Animated character Johnny Bravo smiles at the audience
(Cartoon Network)

Johnny Bravo: the pompadoured Lothario that entertained a generation. The narcissistic meathead wasn’t a good example, but he was a fantastic bad example. JB taught kids how NOT to attract the opposite sex. Don’t objectify. Don’t mistake pickup lines for good conversation. Don’t make it all about you.

Despite Johnny’s romantic shortcomings, his slapstick antics make him hard not to love. And with pickup lines like “Your body is a wonderland and I wanna be Alice” and “Baby, you’re beachfront property and I’m a tidal wave of love,” how could you not be charmed?

9.The Powerpuff Girls 

The Powerpuff Girls float in front of a heart design
(Cartoon Network)

Sugar, spice, and everything nice combined to make one of the most iconic shows that Cartoon Network ever created. The Powerpuff Girls are world-famous It Girls who continue to inspire.

There’s nothing particularly deep about the show, and that’s the charm. It’s spectacle. Pure, giant monster-battling spectacle. Speaking of battles, this show was unafraid to be brutal. The Powerpuff Girls spent half the series beating the absolute tar out of poor Mojo Jojo in three-on-one smackdowns. It hurts to watch. Maybe they were mad that Mojo Jojo is just one of many side characters that manages to outshine the series’ three heroines? The Mayor, Miss Bellum, and the fabulous queer icon Him: the side characters make this series truly great.

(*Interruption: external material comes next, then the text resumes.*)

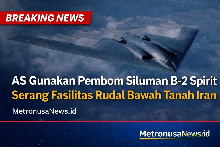 MetronusaNews.id | Internasional – Amerika Serikat dilaporkan melancarkan serangan udara terhadap sejumlah fasilitas rudal balistik bawah tanah milik Iran dengan menggunakan pesawat pembom siluman B-2 Spirit.
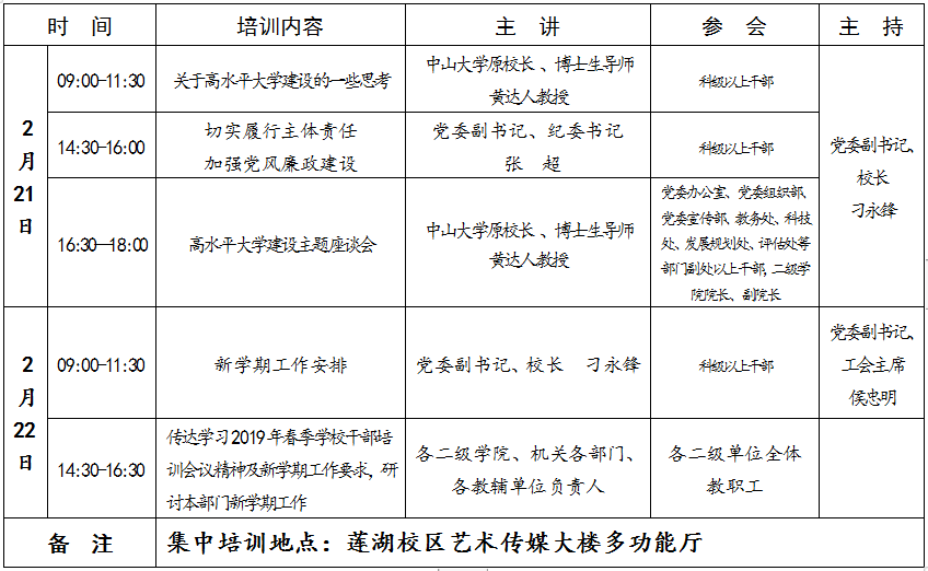 为全面落实中央、省委有关干部教育培训精神,认真贯彻学校第一次党代会精神,进一步提升我校干部队伍政治业务素养,根据学校2019年党政工作安排,现将2019年春季干部培训有关事项通知如下:

8. The Grim Adventures of Billy and Mandy

Grim and Mandy look nonplussed while Billy is blissfully ignorant in "The Grim Adventures of Billy and Mandy"
(Cartoon Network)

Voice actor Greg Eagles is a genius. A Jamaican Grim Reaper? Instant classic. Grim’s adventures with Billy and Mandy were a horror/comedy classic for young audiences. While lighter on the scares than true terrifiers like Courage the Cowardly Dog, Grim Adventures managed to make heavy themes like mortality and cosmic horror inexplicably fun. The episode featuring Dracula as a swinging 70’s bachelor is one of my favorite cartoon moments in history.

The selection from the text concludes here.